- **Given information**:
******************************

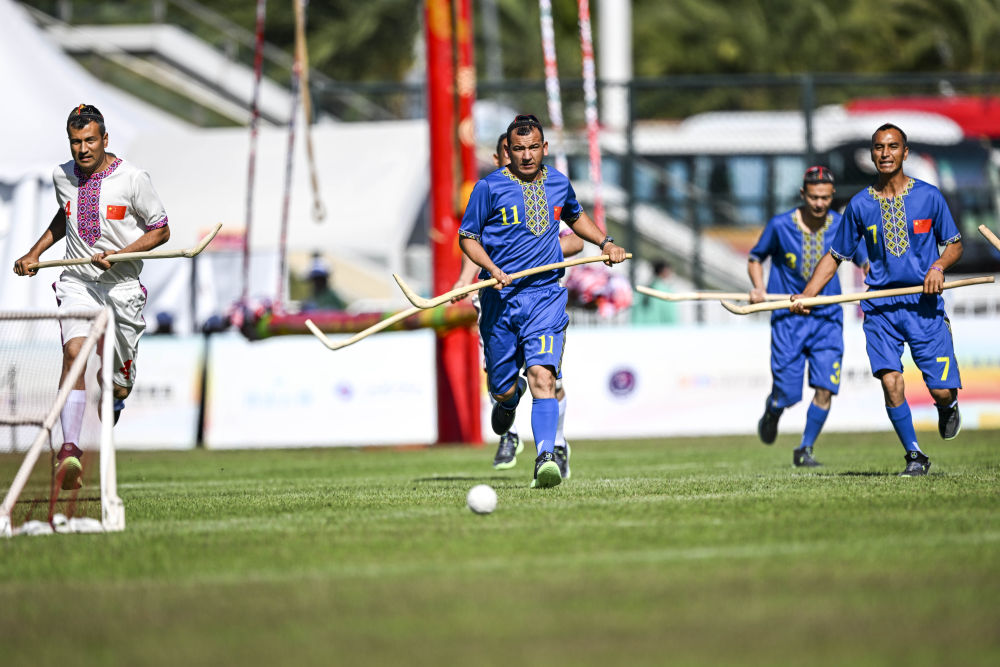 新華社三亞11月25日電(記者孫哲)頭戴維吾爾族花帽的運(yùn)動(dòng)員們靈活穿梭,用手中的木制球桿將棉線纏繞而成的球揮出一道弧線……
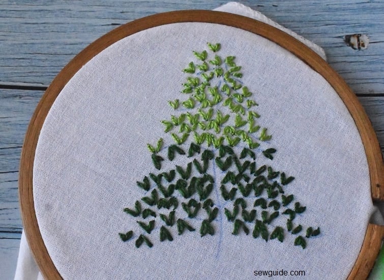Fill the whole tree with similar stitches. Use different colored thread (in shades of green) for a shaded look.
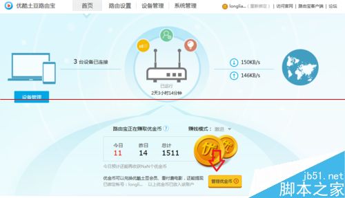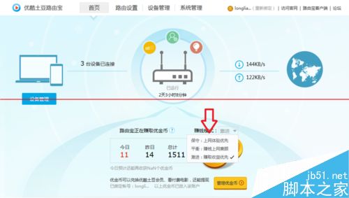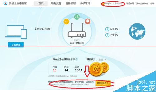 2、路由連上網以后要進行優酷賬號綁定,看圖所指,如果你使用優酷或者土豆看視頻,就非常流暢,可以根據自己上網的情況選擇賺錢模式。

******************************

- **Task prompt**:
All of the data is to be transcribed exactly, with images omitted.

- **Task answer**:
 新華社三亞11月25日電(記者孫哲)頭戴維吾爾族花帽的運(yùn)動(dòng)員們靈活穿梭,用手中的木制球桿將棉線纏繞而成的球揮出一道弧線……
Fill the whole tree with similar stitches. Use different colored thread (in shades of green) for a shaded look.
 2、路由連上網以后要進行優酷賬號綁定,看圖所指,如果你使用優酷或者土豆看視頻,就非常流暢,可以根據自己上網的情況選擇賺錢模式。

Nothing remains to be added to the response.